Going after what you’re truly passionate about comes with a lot of self-doubts and the potential for failure. Ever wonder why people don’t go after their dreams and feel complacent with their lives? Sure, being a bank teller may give you the steady income you’ve always hoped for but are you excited about the day when you wake up? It’s not easy to chase a dream and finding success in the things you love doing means facing failure — but if you can say you love what you do at the end of the day, isn’t it worth it? Allowing yourself to be vulnerable in the face of adversity will give you the strength to achieve the things you’ve always wanted. Take it from me, yes, I’m pursuing a (maybe part-time) career as a writer and, quite literally, am a full-time doctoral student, but my list of failures is already a mile long at 24.
Whether you choose to show your vulnerable side to those around you or keep it to yourself, you’ll find allowing vulnerability in your life will only make you a better and stronger person. Life isn’t easy, and it comes with a lot of struggle but when you allow yourself to truly examine the things that make you feel your weakest, you’ll find that the solutions to your problems become a lot clearer. To me, true beauty can be found in life’s most turbulent moments, the moments that make you want to give it all up. The most beautiful people know when to ask for help. They know it’s okay to admit to your mistakes and most of all, they know vulnerability is a part of life worth embracing.

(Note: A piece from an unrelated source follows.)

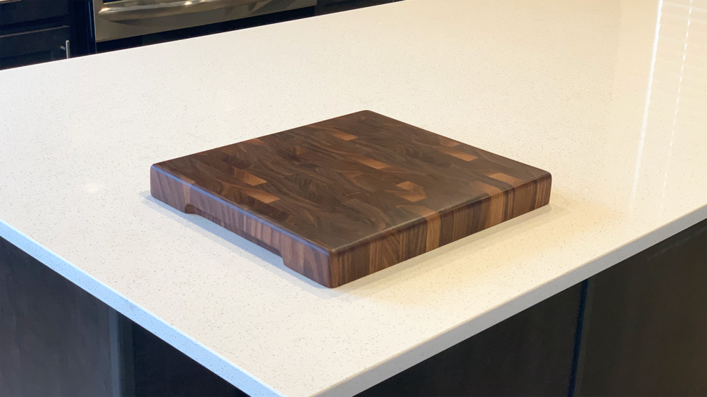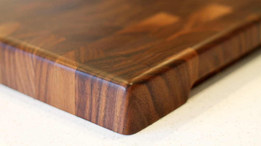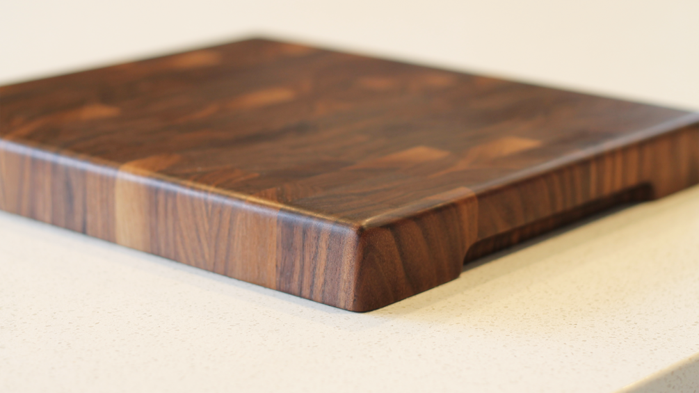 The Iowa is made from pieces of American black walnut rotated on their end grain and arranged in a brick-style pattern. The wood is selected from different trees of the same species so that the brick pattern looks completely random. A deep roundover on the top and side edges adds a soft touch to the design, and makes the board very pleasant to handle.

For me, it’s all about balance. I am trying my best to open up by accepting my divine feminine energy and possibly witchiness, ensuring my inner spiritual being is in balance, and at peace. I am still trying to release the need to control. I am reminding myself to feel and accept the moment for what it is and with that, acknowledging that some days might be more Yin than Yang. I do trust the timing of my life and I believe that everything will always work out as it should.

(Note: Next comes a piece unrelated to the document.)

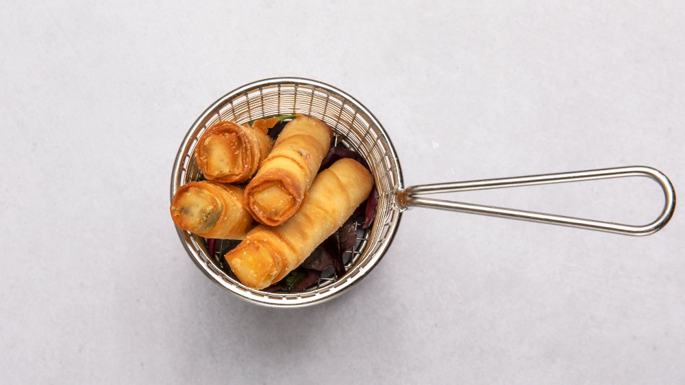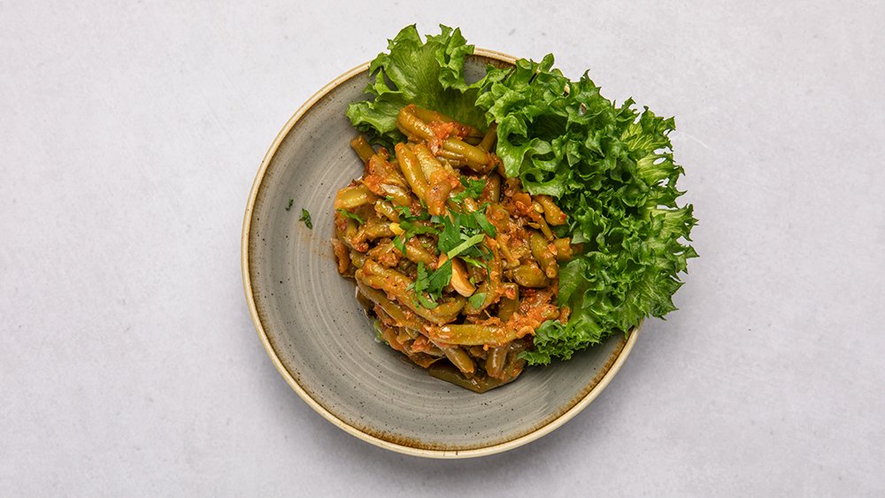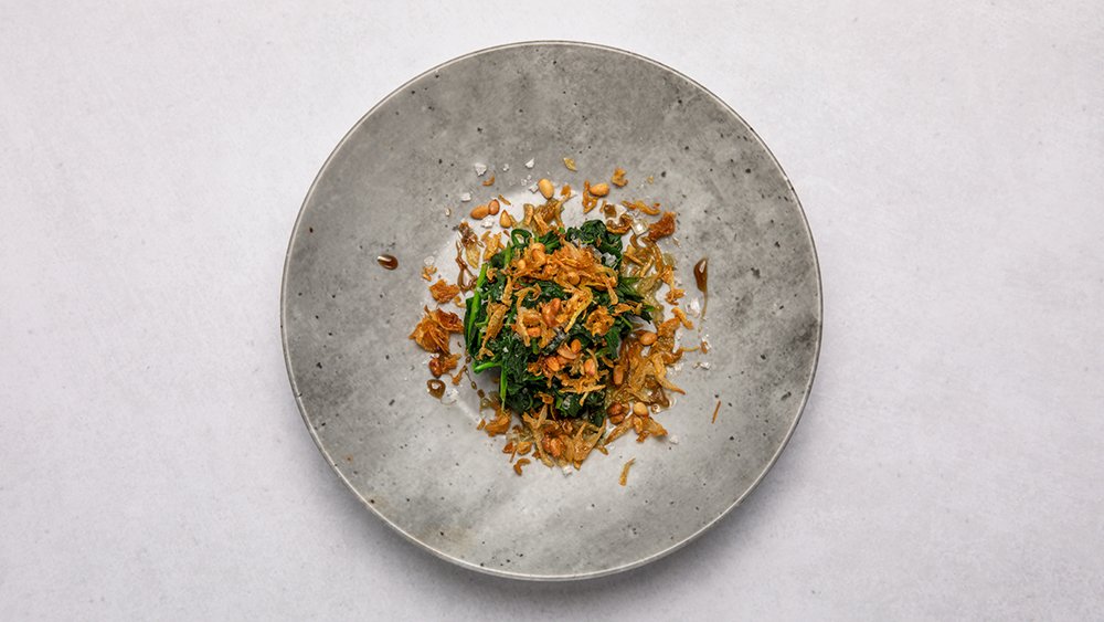 Fräst spenat med pinjenötter toppad med rostad lök.

In conclusion, it all comes down to accepting yourself and understanding that perfect doesn’t exist. All you can ever do is give your best and I promise you, that whatever your best is, it’s enough. It's hard and it takes time, but stop worrying about what other people think of you and what their opinions are. Putting yourself out there is truly beautiful even though it can be scary. Rejection is scary, it's a fear we all try to avoid when we think about being vulnerable, but when you let go of thinking of all the bad outcomes, you are opened to new beautiful things that would never have been discovered.

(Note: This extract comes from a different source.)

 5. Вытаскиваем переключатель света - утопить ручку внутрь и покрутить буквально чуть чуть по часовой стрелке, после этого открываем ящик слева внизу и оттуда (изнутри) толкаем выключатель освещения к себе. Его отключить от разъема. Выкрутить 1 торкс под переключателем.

I’ve said it before and I’ll say it again, what people think of you is their business and not yours. My favorite line in ‘Call to Courage’ is "if you are not also in the arena, getting your ass kicked, I’m not interested in your feedback” — Brenè Brown. With that being said, sometimes you don’t need to be in the arena working your fingers to a bone. But if you aren’t, don’t judge the people that are. Vulnerability is the very making of who you are and it is what makes you special. Harness it and use it to propel you forward in the pursuit of your dreams.